* _RECORDS FOR THIS EXERCISE_
........

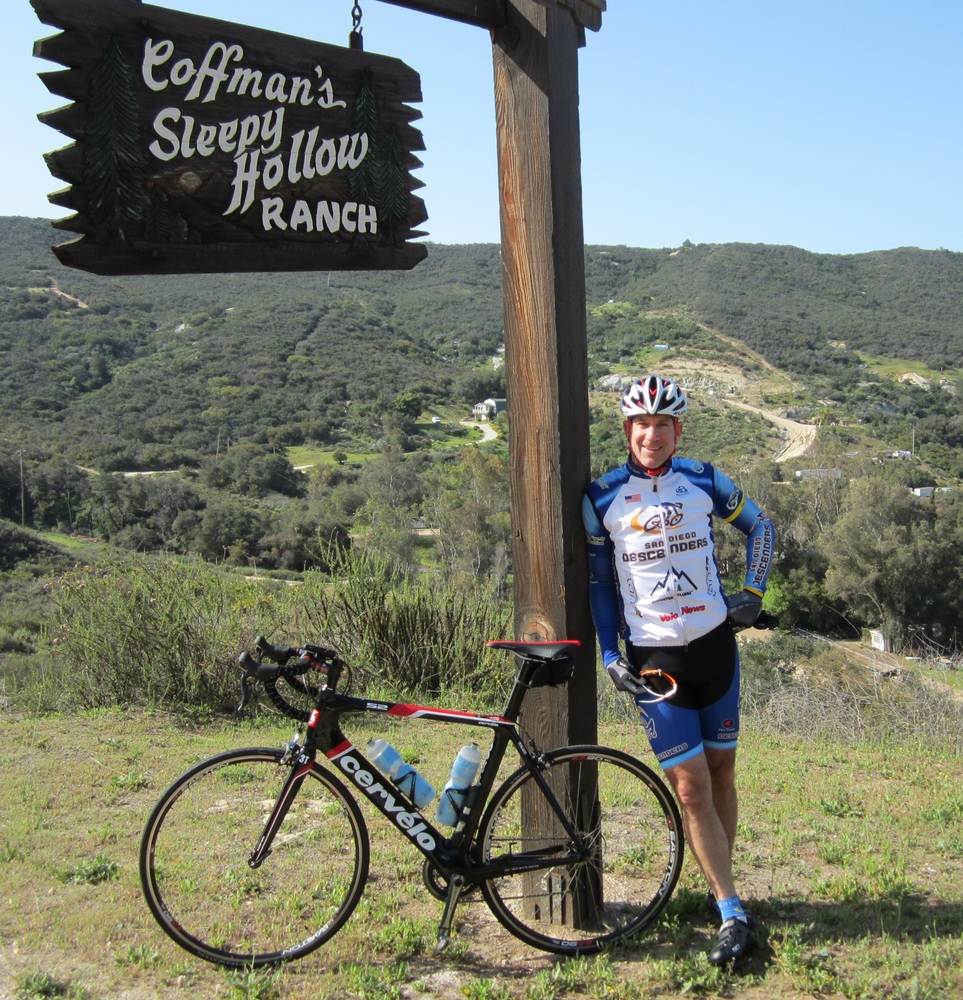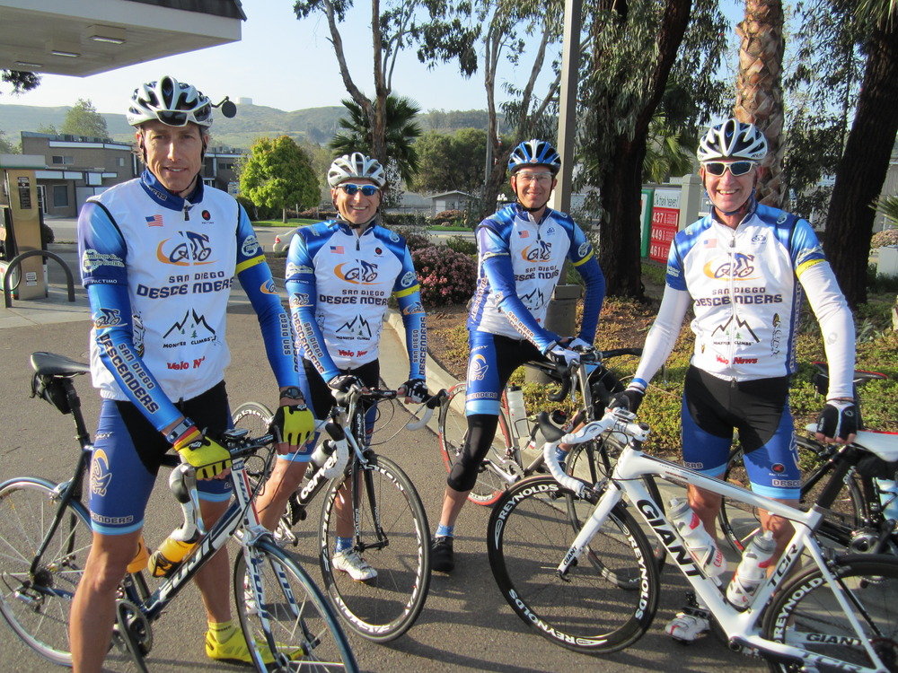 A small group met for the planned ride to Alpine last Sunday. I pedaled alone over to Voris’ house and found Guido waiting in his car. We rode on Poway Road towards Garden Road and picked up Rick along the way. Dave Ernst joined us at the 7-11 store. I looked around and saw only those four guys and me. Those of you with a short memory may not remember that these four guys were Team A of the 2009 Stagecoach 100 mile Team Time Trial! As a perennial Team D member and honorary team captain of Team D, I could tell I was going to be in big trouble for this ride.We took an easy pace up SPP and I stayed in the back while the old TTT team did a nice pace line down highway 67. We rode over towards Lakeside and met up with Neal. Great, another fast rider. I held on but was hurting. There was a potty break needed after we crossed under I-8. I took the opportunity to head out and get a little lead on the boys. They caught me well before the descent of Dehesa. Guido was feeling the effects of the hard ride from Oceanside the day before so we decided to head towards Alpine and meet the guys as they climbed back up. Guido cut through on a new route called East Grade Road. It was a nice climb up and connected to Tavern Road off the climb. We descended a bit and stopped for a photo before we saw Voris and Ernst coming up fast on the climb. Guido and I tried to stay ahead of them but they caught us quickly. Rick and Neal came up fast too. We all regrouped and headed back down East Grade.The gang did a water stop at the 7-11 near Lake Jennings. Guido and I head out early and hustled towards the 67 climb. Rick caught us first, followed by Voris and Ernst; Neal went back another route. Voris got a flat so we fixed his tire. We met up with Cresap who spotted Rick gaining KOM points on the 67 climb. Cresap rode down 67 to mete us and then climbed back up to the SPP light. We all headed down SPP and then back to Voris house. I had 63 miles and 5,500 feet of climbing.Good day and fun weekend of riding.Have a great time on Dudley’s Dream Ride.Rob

........

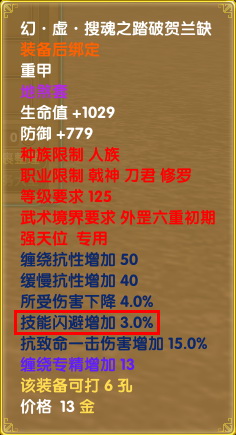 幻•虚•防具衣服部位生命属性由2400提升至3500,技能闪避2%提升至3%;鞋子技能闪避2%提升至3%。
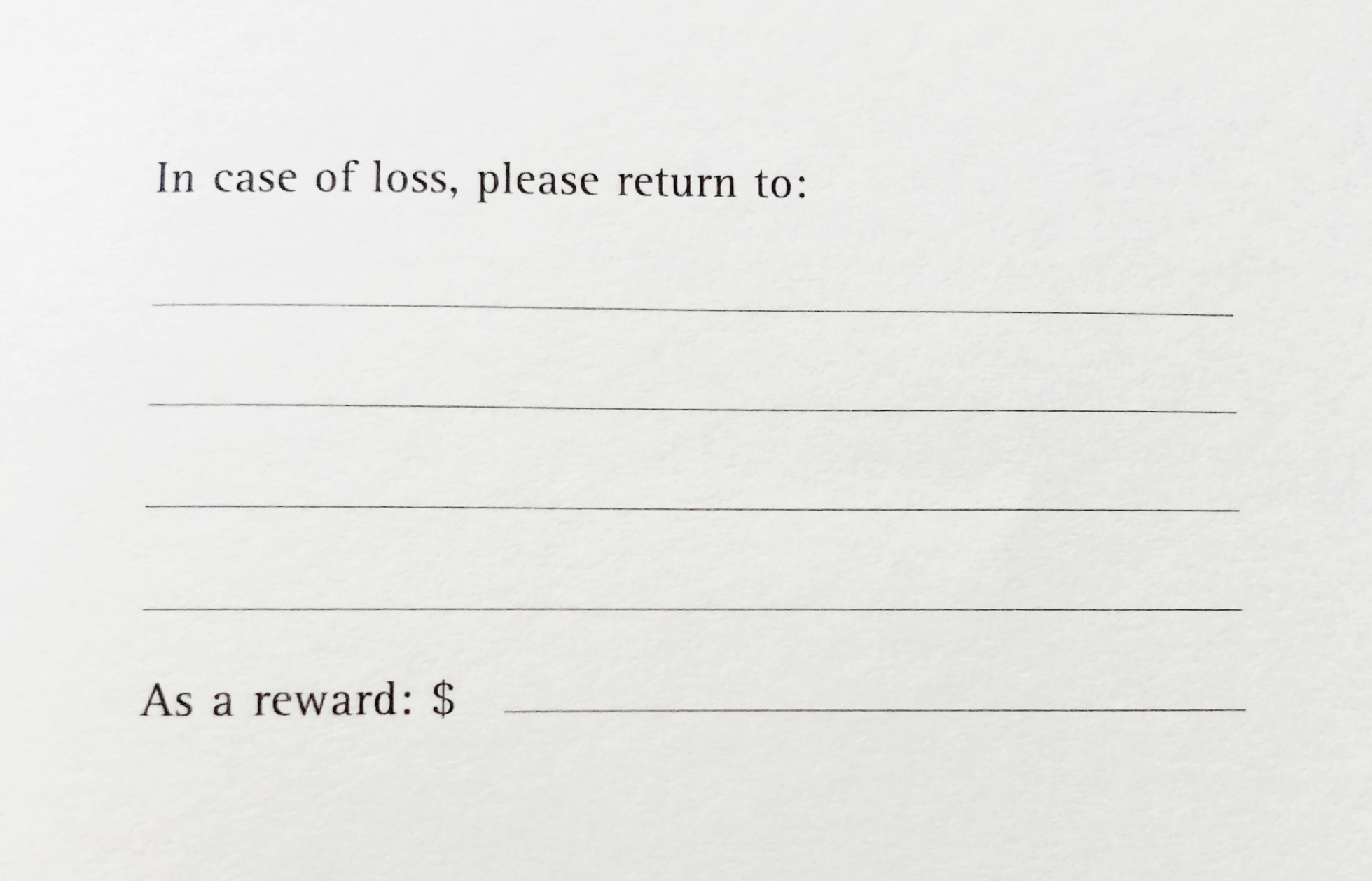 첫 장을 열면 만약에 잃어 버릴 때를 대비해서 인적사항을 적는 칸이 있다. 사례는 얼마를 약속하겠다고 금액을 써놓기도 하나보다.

........

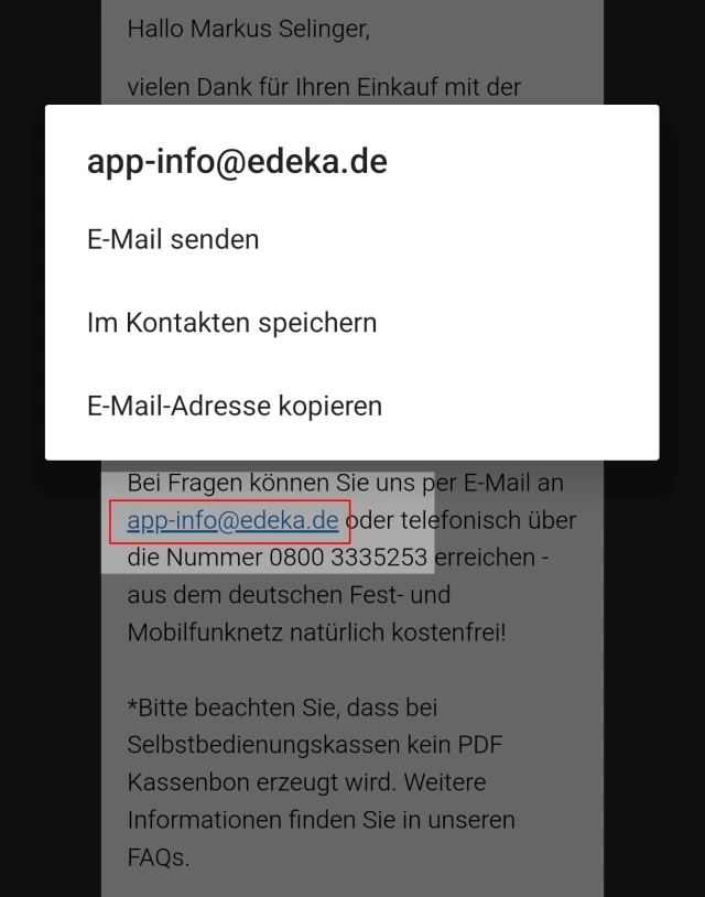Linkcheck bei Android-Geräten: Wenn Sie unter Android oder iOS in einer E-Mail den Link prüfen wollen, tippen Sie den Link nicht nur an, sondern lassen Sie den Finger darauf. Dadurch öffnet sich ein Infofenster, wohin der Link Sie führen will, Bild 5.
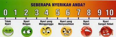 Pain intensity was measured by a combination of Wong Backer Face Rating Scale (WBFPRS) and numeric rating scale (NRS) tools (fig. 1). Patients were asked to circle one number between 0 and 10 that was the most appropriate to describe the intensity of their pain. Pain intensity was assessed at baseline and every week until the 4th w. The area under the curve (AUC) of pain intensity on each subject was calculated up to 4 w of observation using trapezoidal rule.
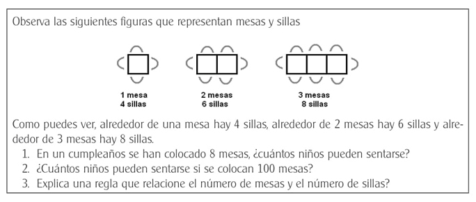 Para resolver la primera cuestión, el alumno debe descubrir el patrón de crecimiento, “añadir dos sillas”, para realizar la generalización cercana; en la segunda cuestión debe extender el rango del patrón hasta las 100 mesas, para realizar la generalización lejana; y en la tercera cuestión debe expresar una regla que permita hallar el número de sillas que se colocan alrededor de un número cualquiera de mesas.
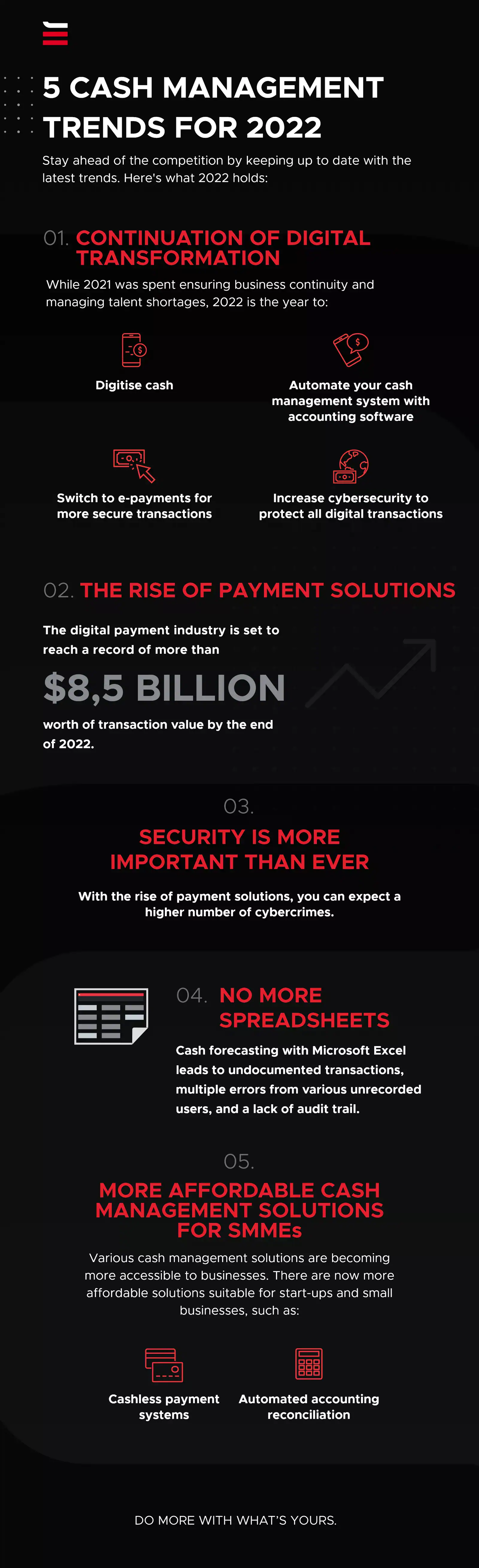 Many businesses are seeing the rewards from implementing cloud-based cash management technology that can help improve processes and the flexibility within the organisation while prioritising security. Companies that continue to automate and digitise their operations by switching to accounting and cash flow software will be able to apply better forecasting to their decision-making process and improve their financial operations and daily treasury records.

........

* _WHAT IS NEEDED_
For this exercise, transcribe exactly the part of the records above that opens with the line containing "Linkcheck bei Android-Geräten: Wenn" and closes with the one containing "Many businesses are". Pictures are not part of the copy.

* _OUTPUT FOR THIS TASK_
Linkcheck bei Android-Geräten: Wenn Sie unter Android oder iOS in einer E-Mail den Link prüfen wollen, tippen Sie den Link nicht nur an, sondern lassen Sie den Finger darauf. Dadurch öffnet sich ein Infofenster, wohin der Link Sie führen will, Bild 5.
 Pain intensity was measured by a combination of Wong Backer Face Rating Scale (WBFPRS) and numeric rating scale (NRS) tools (fig. 1). Patients were asked to circle one number between 0 and 10 that was the most appropriate to describe the intensity of their pain. Pain intensity was assessed at baseline and every week until the 4th w. The area under the curve (AUC) of pain intensity on each subject was calculated up to 4 w of observation using trapezoidal rule.
 Para resolver la primera cuestión, el alumno debe descubrir el patrón de crecimiento, “añadir dos sillas”, para realizar la generalización cercana; en la segunda cuestión debe extender el rango del patrón hasta las 100 mesas, para realizar la generalización lejana; y en la tercera cuestión debe expresar una regla que permita hallar el número de sillas que se colocan alrededor de un número cualquiera de mesas.
 Many businesses are seeing the rewards from implementing cloud-based cash management technology that can help improve processes and the flexibility within the organisation while prioritising security. Companies that continue to automate and digitise their operations by switching to accounting and cash flow software will be able to apply better forecasting to their decision-making process and improve their financial operations and daily treasury records.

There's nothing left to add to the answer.